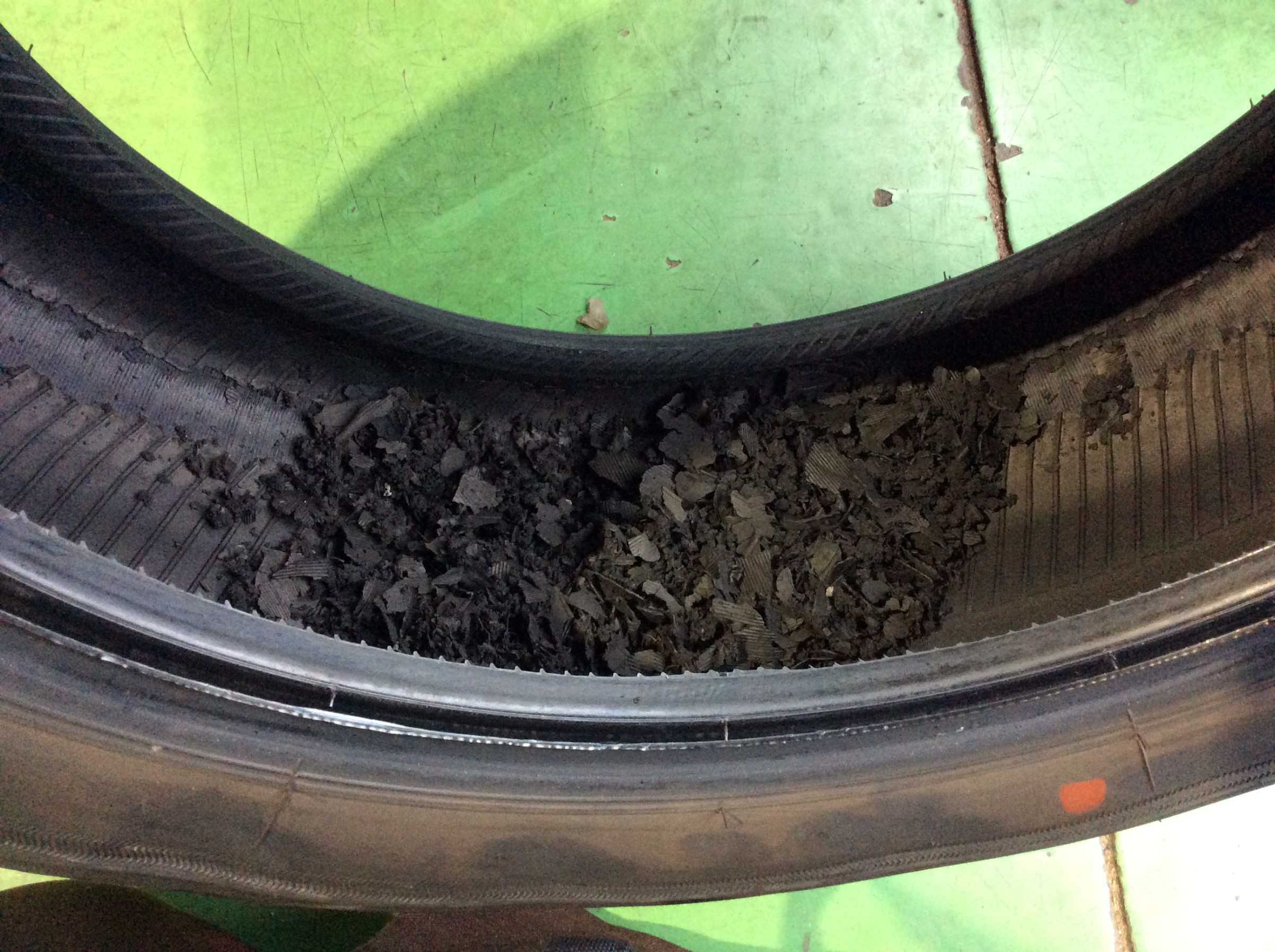 パンクをして空気圧が少ない状態で走行してしまうと、このように内面が削れてしまい
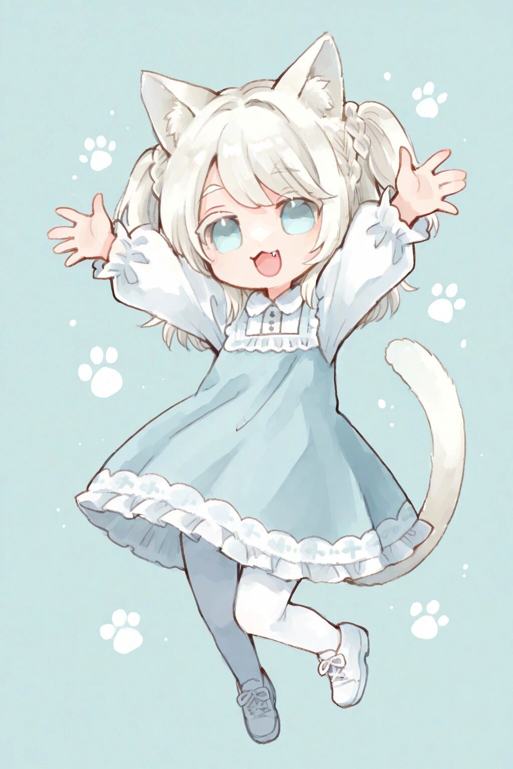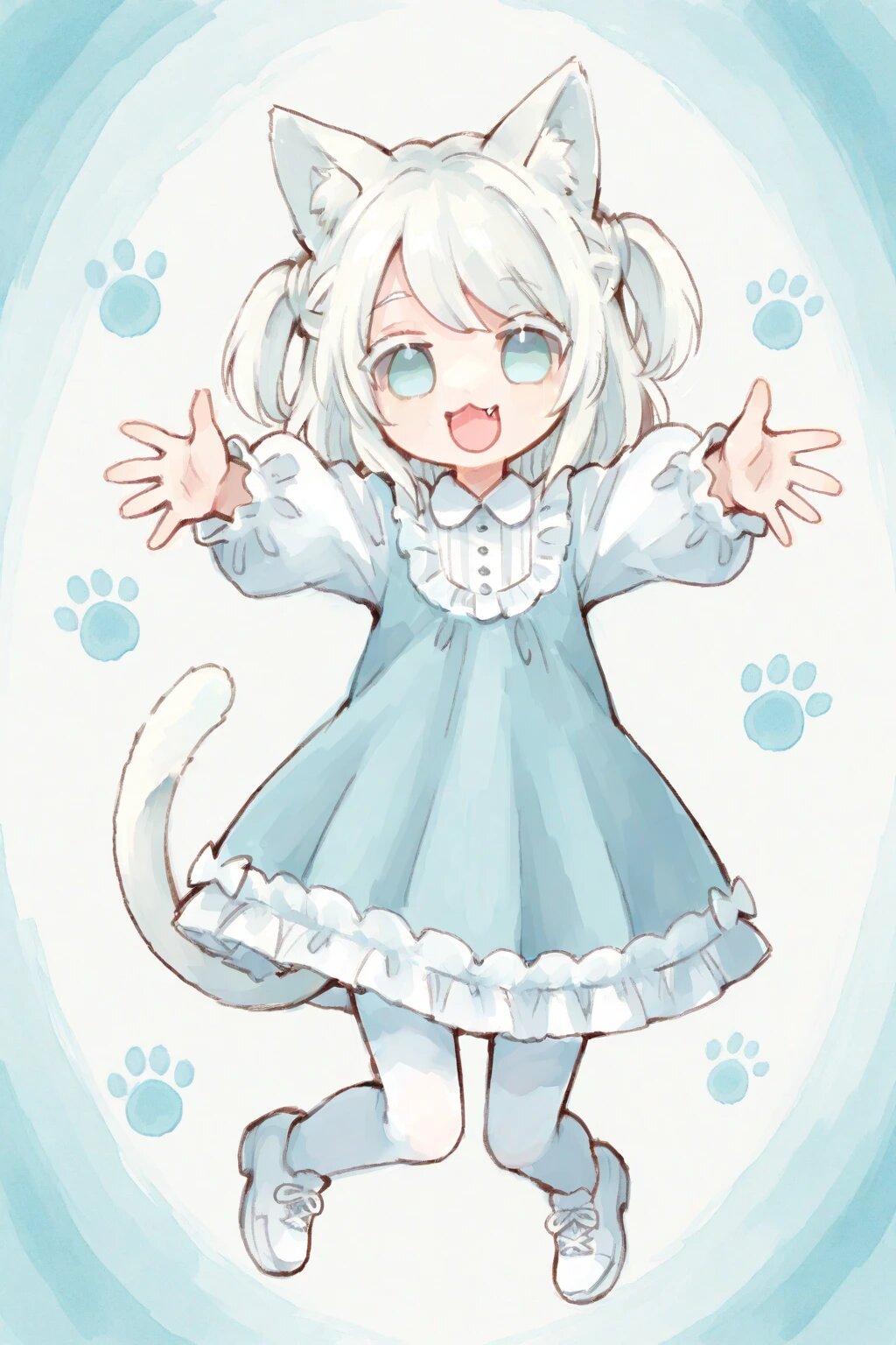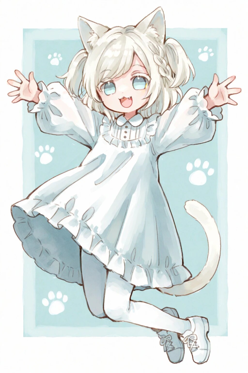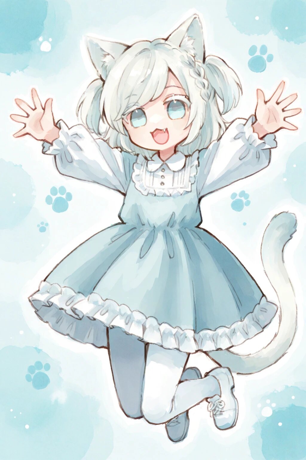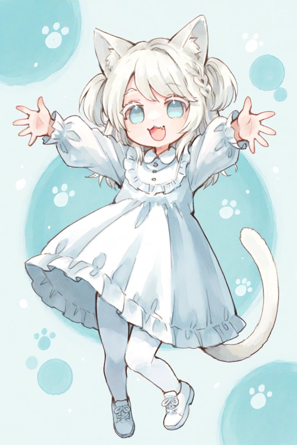 chibi, solo, 1boy, outstretched arms, outstretched hands, jump, legs up, white hair, two side up, medium hair, braid bangs, swept bangs, pale blue eyes, white colored eyelashes, :3, fang, white frilly longsleeves dress, white tights, white shoes, smile, open mouth, cat ears, cat tail, ultra-detailed, best quality, masterpiece, very aesthetic, watercolor painting, general
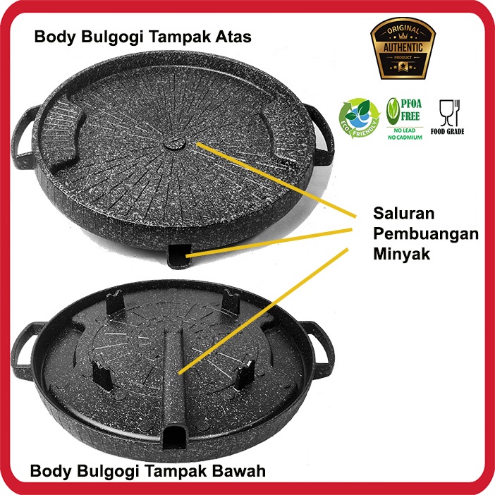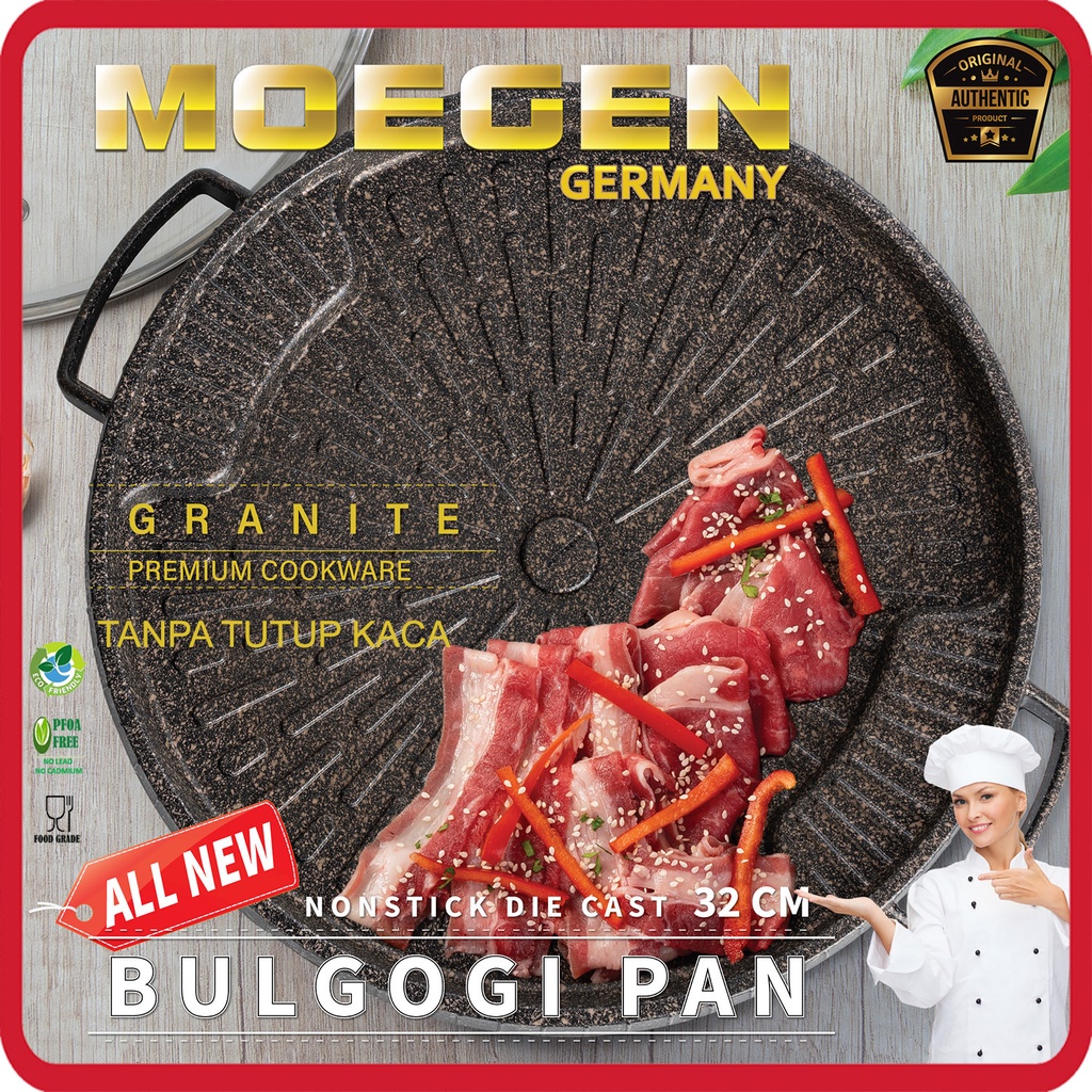 MOEGEN Bulgogi Granite Pan 32cm Panggangan BBQ Grill Pan Anti Lengket Tanpa Tutup Kaca

DIRECTIONS -
Exactly as given, transcribe every line of the data, but not its images.

SOLUTION TO THE EXERCISE -
 パンクをして空気圧が少ない状態で走行してしまうと、このように内面が削れてしまい
 chibi, solo, 1boy, outstretched arms, outstretched hands, jump, legs up, white hair, two side up, medium hair, braid bangs, swept bangs, pale blue eyes, white colored eyelashes, :3, fang, white frilly longsleeves dress, white tights, white shoes, smile, open mouth, cat ears, cat tail, ultra-detailed, best quality, masterpiece, very aesthetic, watercolor painting, general
 MOEGEN Bulgogi Granite Pan 32cm Panggangan BBQ Grill Pan Anti Lengket Tanpa Tutup Kaca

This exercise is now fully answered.